Whistleblower Advocates, a whistleblower-lawyers firm based in Chicago, said that until the federal government demands to be a party in the suit, CVS will not feel pressure to address Behnke or her accusations.
Behnke said she took her concerns to corporate executives for Aetna and CVS Caremark in 2013, according to court records. Nothing happened.
Thomas said in the complaint she filed against CVS Caremark that the company was charging Aetna 25 to 40 percent more for drugs than its competitors.
Behnke also said that during meetings in February of 2013 with CVS officials to present her findings, CVS Vice President Allison Brown said Caremark had negotiated lower prices for those drugs but was not contractually obligated to show Aetna those prices.
Thomas called the exchange a “virtual admission of liability,” according to court records.
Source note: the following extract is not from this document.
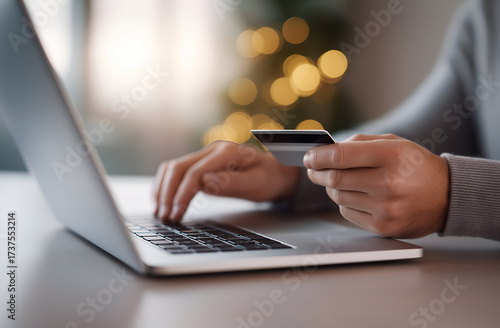 Person typing on a laptop and holding a credit card, engaging in online shopping and securely making payments for e commerce transactions from home, illuminated by festive bokeh

attrib? CVS Caremark officials also confirmed at those meetings that they had re-created Behnke’s analysis of drug prices and confirmed that she was accurate, according to court records. Behnke asked whether CVS Caremark could use the information to negotiate better prices for Aetna’s policyholders.
“Caremark defendants … stated that improving or increasing the discounts Aetna received would adversely impact” CVS Caremark’s profits due to “retail contracting methodology,” according to court records.
In an email sent in July of 2013, Aetna’s head of its Medicare division marveled at how much money CVS Caremark was making on the “hidden spread.”
By September of 2013, Aetna indicated it would shop around for another PBM to see whether it could find better rates, according to the lawsuit.
CVS Caremark officials immediately offered to lower the costs of drugs for Aetna. When Aetna started shopping for a better deal, CVS Caremark offered an even steeper discount, according to the lawsuit.
Attorneys for CVS Caremark filed a motion April 20 to permanently seal the case again, saying the lawsuit would cause significant financial harm. The company’s attorney said Behnke provided sensitive information.
“These details concern the financial guarantees and pricing terms to which Caremark and Aetna agreed as well as financial terms allegedly offered during negotiations and data allegedly revealing specific prices paid by Aetna as well as Caremark’s performance on financial guarantees,” the motion read.
Behnke’s attorneys have until Friday to respond to the request to seal the case.